L’Australia, come si sa, è terra di immigrati, dove di certo le minoranze linguistiche sono assai più numerose della maggioranza discendente dei galeotti inglesi ivi deportati a partire dal diciottesimo secolo. E proprio in Australia esiste SBS, Special Broadcasting System, una televisione multilinguistica, fondata negli anni ’70, che si esprime in diverse lingue, da quelle europee al cinese mandarino e cantonese, passando per l’arabo e non sappiamo quanto altro ancora.

I soldi che la fanno funzionare provengono un po’ dallo Stato, un po’ dalla pubblicità e, da ultimo, anche da programmi a pagamento. Esiste da anni e pare che continui anche se oggi qualunque immigrato può ricevere, via satellite e in streaming, la tv del paese natio. Ma chi emigra non sempre lo fa in buoni rapporti col luogo e lo stato di provenienza e così nasce la richiesta di avere una tv che parli la tua lingua, ma non appartenga al mondo da cui sei dovuto scappare.

SBS, col 6%, è la sesta televisione più seguita in Australia. Insomma, con gli ascolti se la cava e ultimamente un suo programma si è conquistato qualche notorietà anche nel resto del mondo al punto che molte tv hanno acquistato il diritto di adottarne il format. Si tratta di Go back to were you come from! Ovvero “Ritorna da dove sei venuto!”; sì, proprio il grido che il popolo della felpa, altro che welcome, amerebbe intonare in coro già sulla spiaggia di Lampedusa.
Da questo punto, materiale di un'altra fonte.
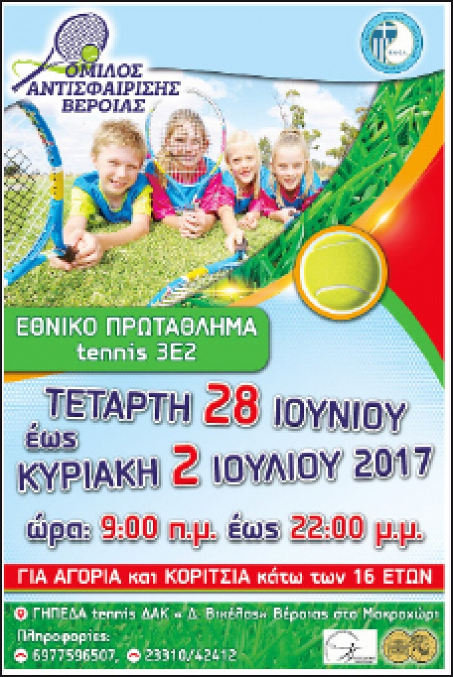 Την Τετάρτη 28 Ιουνίου ξεκίνησε το Εθνικό Πρωτάθλημα τένις επιπέδου Ε2 στη Βέροια. Διοργανωτής των αγώνων ο Όμιλος Αντισφαίρισης Βέροιας με εντολή της Ελληνικής Φίλαθλης Ομοσπονδίας Αντισφαίρισης και της Γ΄Ένωσης σωματείων αντισφαίρισης Κ.Δ. Μακεδονίας. Το πρωτάθλημα θα διαρκέσει μέχρι την Κυριακή 2 Ιουλίου.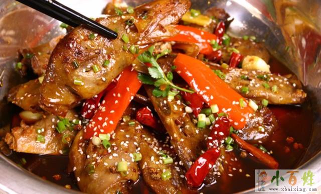 干锅辣鸭头选料精细、考究,提前秘料腌渍入味,油品正宗www.xbaixing.com。鸭头、油品的选用直接决定着菜品的口味。辅配特有香辣配料,香辣等级:微辣、中辣、高辣。其口味风味醇厚、香辣爽口、香而不腻、老少皆宜,去湿开胃,四季可食、 理气、 舒血、滋补,因健康美味深受大众喜爱来源www.xbaixing.com。本菜系干锅香辣鸭头选用优质鸭头,提前秘料腌渍入味,辅配特有香辣配料,川菜风味醇厚,入口香辣脆绵,回味长久。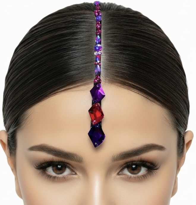 A sparkling rhinestone parting strip are sure to finish off your dance costume, they are ideal for dance competitions, showcases, performances. The Strips come in lots of colours. They can be applied to the scalp with Spirit Gum (not included). 16cm long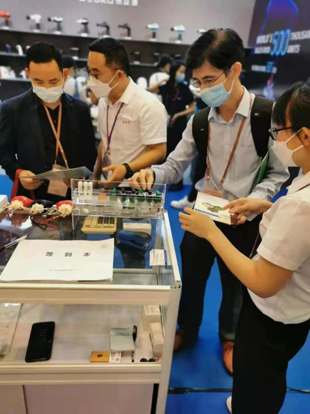 景岳堂藥業(yè)組織參加了這次展會?,F(xiàn)場展出了中藥材、中藥提取物、顆粒劑、中成藥搽劑以及大健康產(chǎn)品。在展臺前,景岳堂工作人員向客商介紹了公司產(chǎn)品,并將產(chǎn)品上傳到云端,同步展示給因疫情無法現(xiàn)場參會的客商們。

Di felpe è piena in particolare l’Australia, fra sbarchi, campi di detenzione e grida del Governo contro il rovesciarsi di mezzo mondo in quello sterminato continente. Siamo, come si dice, sul pezzo.
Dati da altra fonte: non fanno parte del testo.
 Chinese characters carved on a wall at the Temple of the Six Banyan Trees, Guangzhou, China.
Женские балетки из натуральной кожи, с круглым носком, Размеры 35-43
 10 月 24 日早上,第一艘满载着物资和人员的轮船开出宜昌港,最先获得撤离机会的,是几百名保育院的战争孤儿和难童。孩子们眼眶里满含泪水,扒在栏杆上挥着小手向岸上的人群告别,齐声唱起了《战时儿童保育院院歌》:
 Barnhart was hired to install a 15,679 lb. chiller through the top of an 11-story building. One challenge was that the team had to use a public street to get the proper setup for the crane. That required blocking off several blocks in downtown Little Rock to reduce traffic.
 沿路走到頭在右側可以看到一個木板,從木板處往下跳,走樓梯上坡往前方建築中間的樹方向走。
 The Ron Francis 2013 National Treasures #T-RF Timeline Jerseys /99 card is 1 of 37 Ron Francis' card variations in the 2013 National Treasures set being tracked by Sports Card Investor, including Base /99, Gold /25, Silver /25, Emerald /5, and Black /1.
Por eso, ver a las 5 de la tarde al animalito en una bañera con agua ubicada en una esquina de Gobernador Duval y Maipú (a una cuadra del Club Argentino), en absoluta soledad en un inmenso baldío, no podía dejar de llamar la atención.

Il programma è, tecnicamente parlando, un reality dove i concorrenti devono cavarsela in situazioni difficili. Salvo che qui il gioco consiste nell’essere avventurosamente portati nel bel mezzo dei paesi e delle situazioni da cui provengono la maggior parte dei richiedenti asilo. E cioè in alcuni dei posti più pericolosi della Terra, tanto che nell’ultima serie i tre concorrenti si sono trovati in mezzo alle pallottole vere di una battaglia in un villaggio curdo conteso dal Daesh.

Qualcuno da noi ha immediatamente arricciato il naso per la perdita del “limite televisivo”, di rincorsa dell’auditel, etc etc. Commenti bigotti, ma che colgono un dato reale: la pressione delle cose tende ad assottigliare la distanza fra il mondo e la tv. Così non è solo la quotidianità del cucinare che dilaga in tv, ma comincia a fare capolino anche la ordinaria straordinarietà delle guerre e dei flussi di gente nel mondo. Insomma, il programma della piccola tv australiana potrebbe avere aperto una strada, dando, lo osserviamo di passaggio, un ulteriore, fatale colpo alla differenza fra intrattenimento e informazione. Giacché di certo, se mai tre concorrenti italiani, magari bellocci, venissero catapultati a cavarsela fra Bengasi e Damasco, gli spettatori assorbirebbero in una sera più geopolitica di quanta sarebbero in grado di capirne in una vita intera.